Write out an exact copy of the line containing "एम्बुलेन्स और मोरटरसाइकिल" and all lines that follow it in the data below, leaving out pictures.

[Data items]
┄┄┄┄┄┄
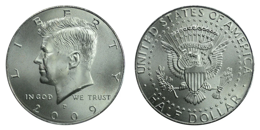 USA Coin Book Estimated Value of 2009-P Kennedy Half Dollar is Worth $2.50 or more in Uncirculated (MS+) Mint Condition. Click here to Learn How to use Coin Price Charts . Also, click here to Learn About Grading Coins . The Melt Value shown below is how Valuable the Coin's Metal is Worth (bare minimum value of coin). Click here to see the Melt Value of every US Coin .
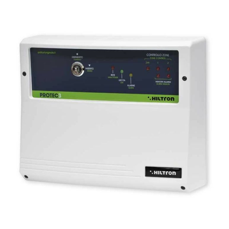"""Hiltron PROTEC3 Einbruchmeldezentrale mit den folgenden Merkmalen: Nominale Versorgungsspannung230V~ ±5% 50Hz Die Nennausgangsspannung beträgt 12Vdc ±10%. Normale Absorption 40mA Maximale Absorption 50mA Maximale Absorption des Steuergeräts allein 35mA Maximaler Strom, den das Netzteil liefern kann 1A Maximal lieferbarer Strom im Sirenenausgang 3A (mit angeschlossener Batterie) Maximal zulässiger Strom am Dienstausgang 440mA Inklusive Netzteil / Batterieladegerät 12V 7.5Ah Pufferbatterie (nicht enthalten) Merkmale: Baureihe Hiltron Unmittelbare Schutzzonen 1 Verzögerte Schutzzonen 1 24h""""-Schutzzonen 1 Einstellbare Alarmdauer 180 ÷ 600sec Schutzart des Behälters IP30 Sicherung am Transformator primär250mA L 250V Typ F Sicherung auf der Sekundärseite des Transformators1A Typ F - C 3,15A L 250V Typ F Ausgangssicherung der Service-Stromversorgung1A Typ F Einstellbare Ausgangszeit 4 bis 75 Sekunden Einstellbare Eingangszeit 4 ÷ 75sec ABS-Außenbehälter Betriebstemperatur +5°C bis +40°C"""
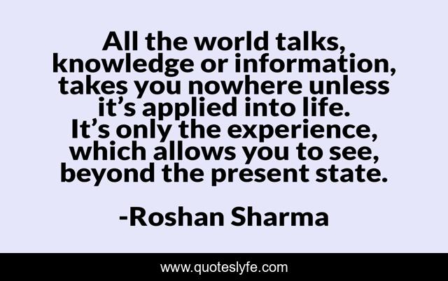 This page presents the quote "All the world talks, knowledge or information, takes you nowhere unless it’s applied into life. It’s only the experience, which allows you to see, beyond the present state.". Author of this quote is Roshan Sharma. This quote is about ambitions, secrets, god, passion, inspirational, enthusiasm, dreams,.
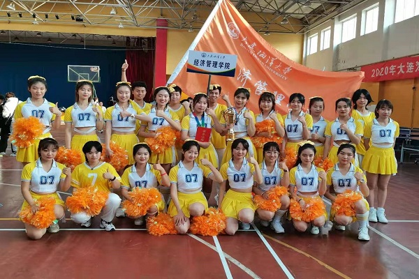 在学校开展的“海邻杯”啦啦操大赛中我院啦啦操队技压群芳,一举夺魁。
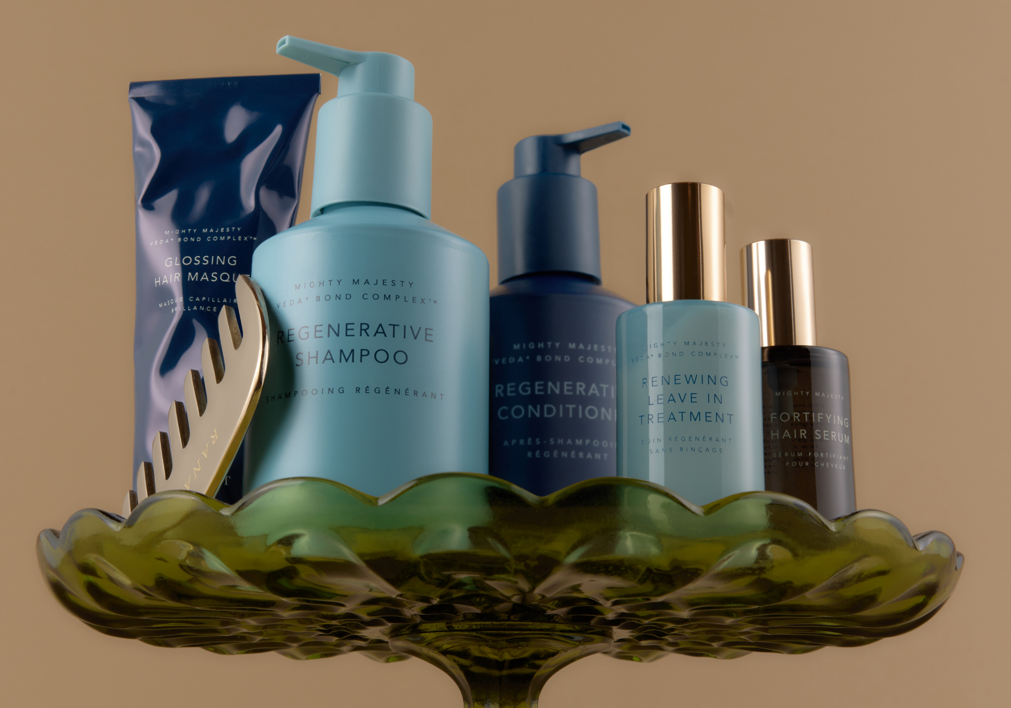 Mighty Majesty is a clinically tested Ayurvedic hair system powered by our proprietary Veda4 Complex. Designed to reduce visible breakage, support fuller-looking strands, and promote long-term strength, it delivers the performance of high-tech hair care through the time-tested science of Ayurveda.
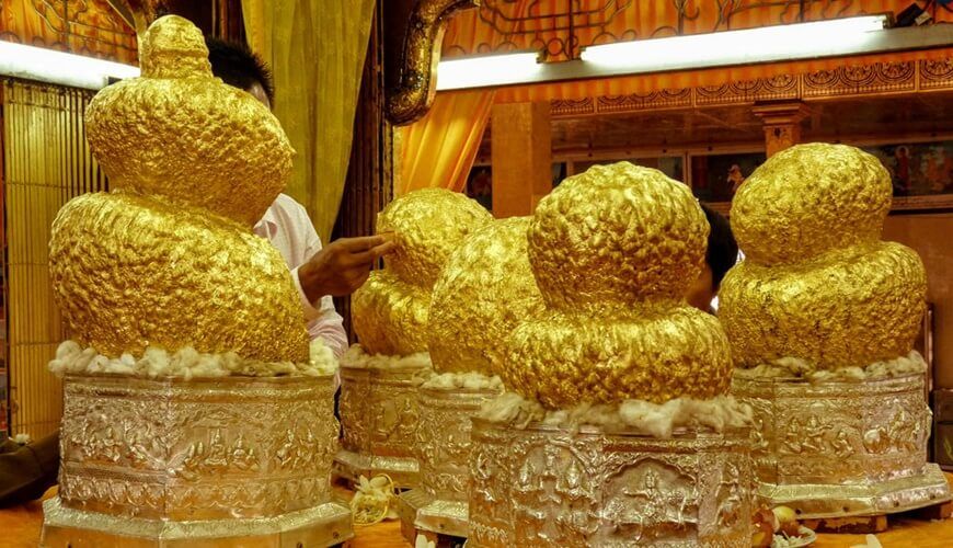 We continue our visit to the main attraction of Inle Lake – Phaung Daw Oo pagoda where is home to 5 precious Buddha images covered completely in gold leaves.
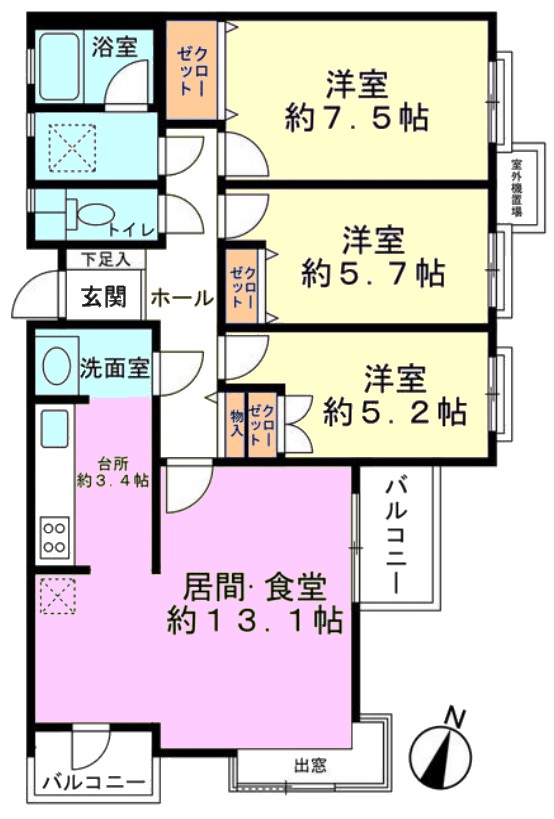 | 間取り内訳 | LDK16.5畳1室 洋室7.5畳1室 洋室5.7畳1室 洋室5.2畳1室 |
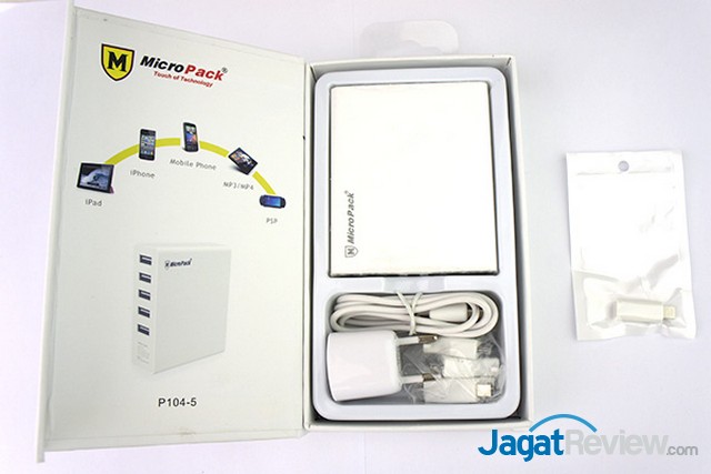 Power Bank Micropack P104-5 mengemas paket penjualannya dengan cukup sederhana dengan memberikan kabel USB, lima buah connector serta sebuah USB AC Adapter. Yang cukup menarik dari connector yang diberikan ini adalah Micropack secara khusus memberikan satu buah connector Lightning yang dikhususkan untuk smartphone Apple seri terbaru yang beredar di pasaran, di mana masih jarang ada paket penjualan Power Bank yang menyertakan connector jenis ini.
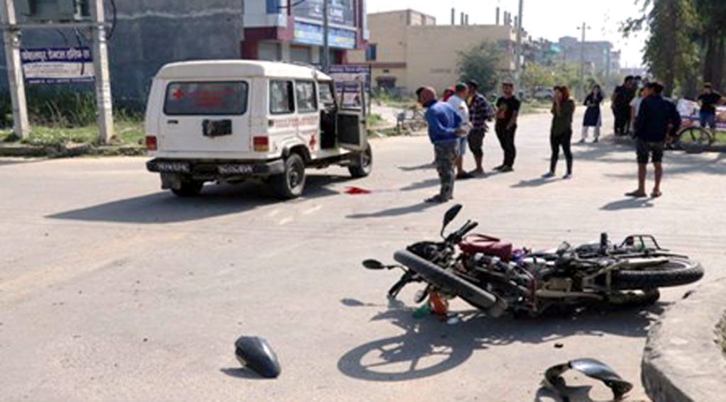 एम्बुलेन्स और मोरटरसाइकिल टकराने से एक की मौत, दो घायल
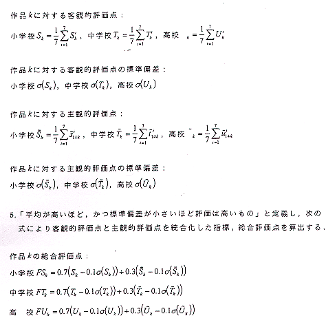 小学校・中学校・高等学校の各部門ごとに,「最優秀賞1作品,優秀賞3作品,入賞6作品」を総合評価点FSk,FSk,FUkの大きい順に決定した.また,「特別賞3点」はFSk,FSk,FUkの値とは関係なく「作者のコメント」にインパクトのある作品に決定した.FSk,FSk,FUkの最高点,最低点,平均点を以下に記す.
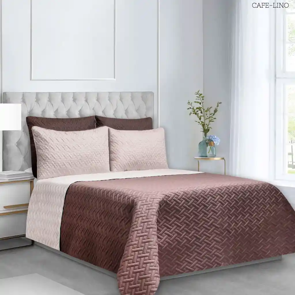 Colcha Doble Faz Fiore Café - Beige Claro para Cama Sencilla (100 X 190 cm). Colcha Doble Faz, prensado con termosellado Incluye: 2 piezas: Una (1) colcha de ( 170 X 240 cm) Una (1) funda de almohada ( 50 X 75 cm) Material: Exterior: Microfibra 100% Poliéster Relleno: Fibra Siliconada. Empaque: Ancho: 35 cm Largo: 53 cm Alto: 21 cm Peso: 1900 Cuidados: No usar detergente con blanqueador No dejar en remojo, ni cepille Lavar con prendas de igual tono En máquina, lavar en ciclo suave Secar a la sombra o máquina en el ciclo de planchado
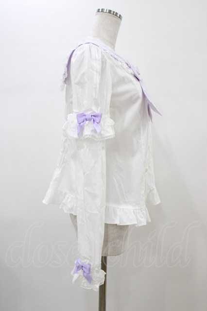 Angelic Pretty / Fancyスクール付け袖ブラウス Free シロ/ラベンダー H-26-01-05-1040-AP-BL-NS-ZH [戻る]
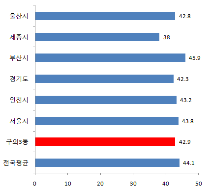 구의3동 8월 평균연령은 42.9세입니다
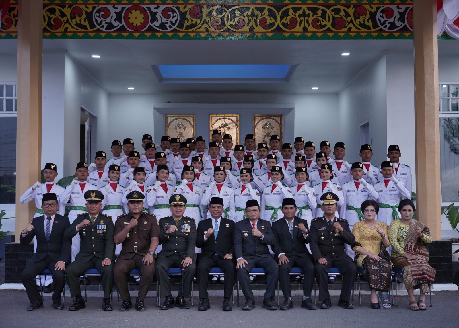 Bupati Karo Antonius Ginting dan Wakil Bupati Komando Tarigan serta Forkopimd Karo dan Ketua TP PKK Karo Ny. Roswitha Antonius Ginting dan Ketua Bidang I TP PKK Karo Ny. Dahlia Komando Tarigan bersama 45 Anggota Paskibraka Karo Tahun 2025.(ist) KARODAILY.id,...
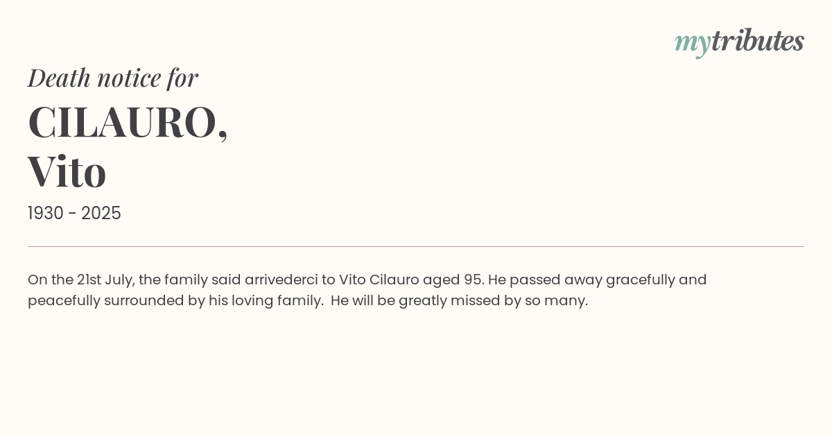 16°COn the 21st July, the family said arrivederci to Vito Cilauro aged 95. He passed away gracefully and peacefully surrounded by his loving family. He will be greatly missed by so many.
┄┄┄┄┄┄
→ WRITTEN RESPONSE
 एम्बुलेन्स और मोरटरसाइकिल टकराने से एक की मौत, दो घायल
 小学校・中学校・高等学校の各部門ごとに,「最優秀賞1作品,優秀賞3作品,入賞6作品」を総合評価点FSk,FSk,FUkの大きい順に決定した.また,「特別賞3点」はFSk,FSk,FUkの値とは関係なく「作者のコメント」にインパクトのある作品に決定した.FSk,FSk,FUkの最高点,最低点,平均点を以下に記す.
 Colcha Doble Faz Fiore Café - Beige Claro para Cama Sencilla (100 X 190 cm). Colcha Doble Faz, prensado con termosellado Incluye: 2 piezas: Una (1) colcha de ( 170 X 240 cm) Una (1) funda de almohada ( 50 X 75 cm) Material: Exterior: Microfibra 100% Poliéster Relleno: Fibra Siliconada. Empaque: Ancho: 35 cm Largo: 53 cm Alto: 21 cm Peso: 1900 Cuidados: No usar detergente con blanqueador No dejar en remojo, ni cepille Lavar con prendas de igual tono En máquina, lavar en ciclo suave Secar a la sombra o máquina en el ciclo de planchado
 Angelic Pretty / Fancyスクール付け袖ブラウス Free シロ/ラベンダー H-26-01-05-1040-AP-BL-NS-ZH [戻る]
 구의3동 8월 평균연령은 42.9세입니다
 Bupati Karo Antonius Ginting dan Wakil Bupati Komando Tarigan serta Forkopimd Karo dan Ketua TP PKK Karo Ny. Roswitha Antonius Ginting dan Ketua Bidang I TP PKK Karo Ny. Dahlia Komando Tarigan bersama 45 Anggota Paskibraka Karo Tahun 2025.(ist) KARODAILY.id,...
 16°COn the 21st July, the family said arrivederci to Vito Cilauro aged 95. He passed away gracefully and peacefully surrounded by his loving family. He will be greatly missed by so many.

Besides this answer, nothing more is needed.